PROBLEM TO SOLVE
Keep the images out and copy every entry below exactly.

ENTRIES PROVIDED
# # # #

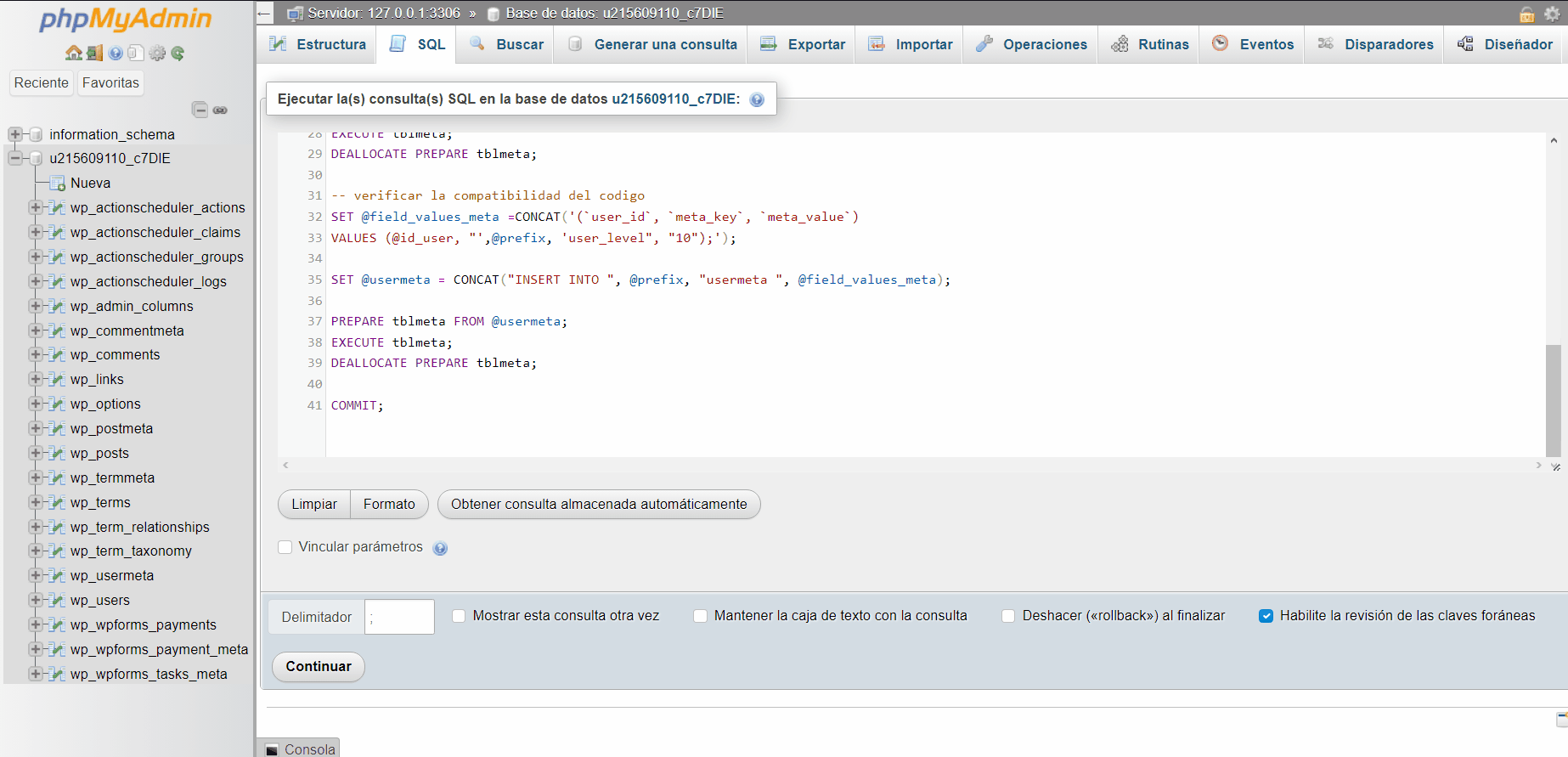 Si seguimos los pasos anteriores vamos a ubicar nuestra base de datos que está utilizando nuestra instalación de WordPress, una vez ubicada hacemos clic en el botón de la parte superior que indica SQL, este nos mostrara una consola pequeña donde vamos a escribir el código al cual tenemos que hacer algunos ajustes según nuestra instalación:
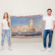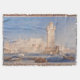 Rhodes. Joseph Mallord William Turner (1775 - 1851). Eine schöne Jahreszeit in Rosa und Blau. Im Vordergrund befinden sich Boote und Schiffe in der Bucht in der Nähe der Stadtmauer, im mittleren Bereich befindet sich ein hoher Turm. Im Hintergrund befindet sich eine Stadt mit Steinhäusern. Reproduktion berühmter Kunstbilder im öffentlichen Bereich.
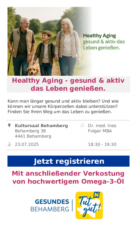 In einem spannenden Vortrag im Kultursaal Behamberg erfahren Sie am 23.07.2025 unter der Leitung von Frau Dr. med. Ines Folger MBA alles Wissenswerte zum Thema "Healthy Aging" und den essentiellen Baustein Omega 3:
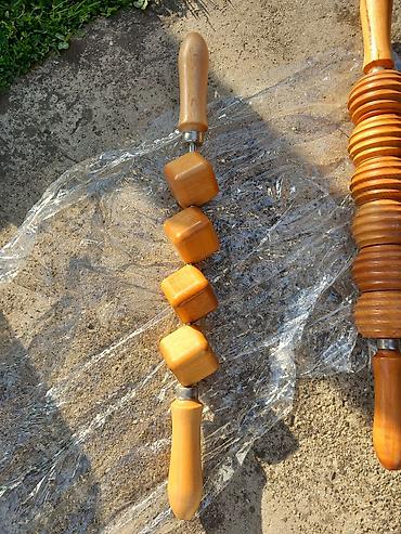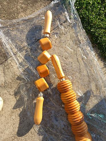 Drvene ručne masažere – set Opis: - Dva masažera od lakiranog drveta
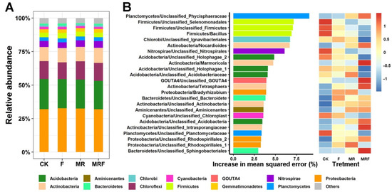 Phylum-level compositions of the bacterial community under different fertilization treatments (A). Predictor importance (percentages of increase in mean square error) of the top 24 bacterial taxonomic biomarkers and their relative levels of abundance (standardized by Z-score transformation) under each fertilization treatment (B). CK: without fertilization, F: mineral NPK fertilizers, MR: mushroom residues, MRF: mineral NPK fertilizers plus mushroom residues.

# # # #

ANSWER TO THE EXERCISE
 Si seguimos los pasos anteriores vamos a ubicar nuestra base de datos que está utilizando nuestra instalación de WordPress, una vez ubicada hacemos clic en el botón de la parte superior que indica SQL, este nos mostrara una consola pequeña donde vamos a escribir el código al cual tenemos que hacer algunos ajustes según nuestra instalación:
 Rhodes. Joseph Mallord William Turner (1775 - 1851). Eine schöne Jahreszeit in Rosa und Blau. Im Vordergrund befinden sich Boote und Schiffe in der Bucht in der Nähe der Stadtmauer, im mittleren Bereich befindet sich ein hoher Turm. Im Hintergrund befindet sich eine Stadt mit Steinhäusern. Reproduktion berühmter Kunstbilder im öffentlichen Bereich.
 In einem spannenden Vortrag im Kultursaal Behamberg erfahren Sie am 23.07.2025 unter der Leitung von Frau Dr. med. Ines Folger MBA alles Wissenswerte zum Thema "Healthy Aging" und den essentiellen Baustein Omega 3:
 Drvene ručne masažere – set Opis: - Dva masažera od lakiranog drveta
 Phylum-level compositions of the bacterial community under different fertilization treatments (A). Predictor importance (percentages of increase in mean square error) of the top 24 bacterial taxonomic biomarkers and their relative levels of abundance (standardized by Z-score transformation) under each fertilization treatment (B). CK: without fertilization, F: mineral NPK fertilizers, MR: mushroom residues, MRF: mineral NPK fertilizers plus mushroom residues.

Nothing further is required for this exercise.